# Arogno



## David D (Apr 5, 2005)

I bought an 'Arogno' and to be honest there was just something about it that didn't do it for me







...although the strap does now go extremely well on a Cordia.


----------



## rhaythorne (Jan 12, 2004)

Fair enough







I've nearly bought an Arogno on several occasions but the shortness of the minute hand has always put me off. Other than that, I like it, especially the red seconds hand.


----------



## mach 0.0013137 (Jan 10, 2005)

rhaythorne said:


> Fair enough
> 
> 
> 
> ...


My sentiments exactly, I have wondered if other hands could be fitted but I gather the movement is NOS and uncommon so it`s probably not possible


----------



## Mrcrowley (Apr 23, 2003)

David D said:


> I bought an 'Arogno' and to be honest there was just something about it that didn't do it for me
> 
> 
> 
> ...


I give up.
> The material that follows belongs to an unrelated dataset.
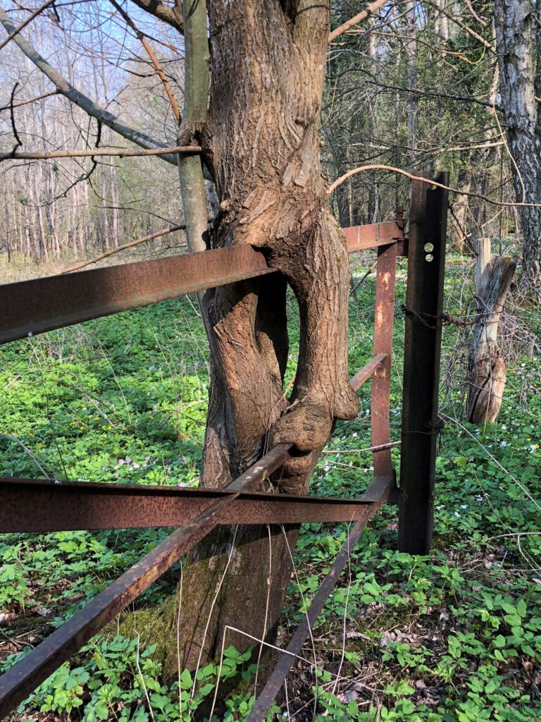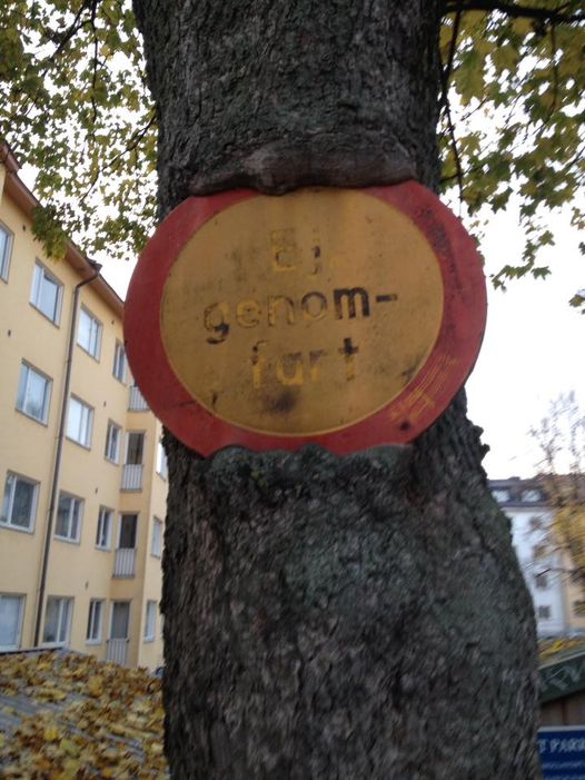 Frankrike, bubblarbild. Träd som slukar en skylt. Foto: Riitta Zaharia
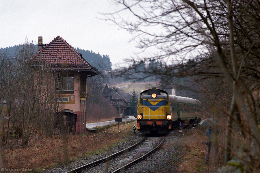 | wykonano | 29.03.2009 | Desperacki kadr z ”Wilczkiem” z Kudowy do Wrocławia w roli głównej. Ale muszę przyznać, że ujęcie byłoby niezłe, gdyby tylko wykarczować parę krzaków. ;) Dla porządku: wykonano w Dusznikach, prowadzi SU42-504. |

What are they?

Yours

Stupid of Leeds.


----------



## rhaythorne (Jan 12, 2004)

_"Arogno" 15 Jewel Manual wind. 37mm all steel case with screw on back. Slightly domed mineral glass. The watch is brand new and utilises an "Arogno" NOS movement from the 1940's._

I don't know what a "Cordia" is though


----------



## DaveE (Feb 24, 2003)

rhaythorne said:


> _"Arogno" 15 Jewel Manual wind. 37mm all steel case with screw on back. Slightly domed mineral glass. The watch is brand new and utilises an "Arogno" NOS movement from the 1940's._
> 
> I don't know what a "Cordia" is though


I keep meaning to get one of these. Is Roy getting any more in? They must be in limited numbers due to the NOS movement.

cheers

Dave


----------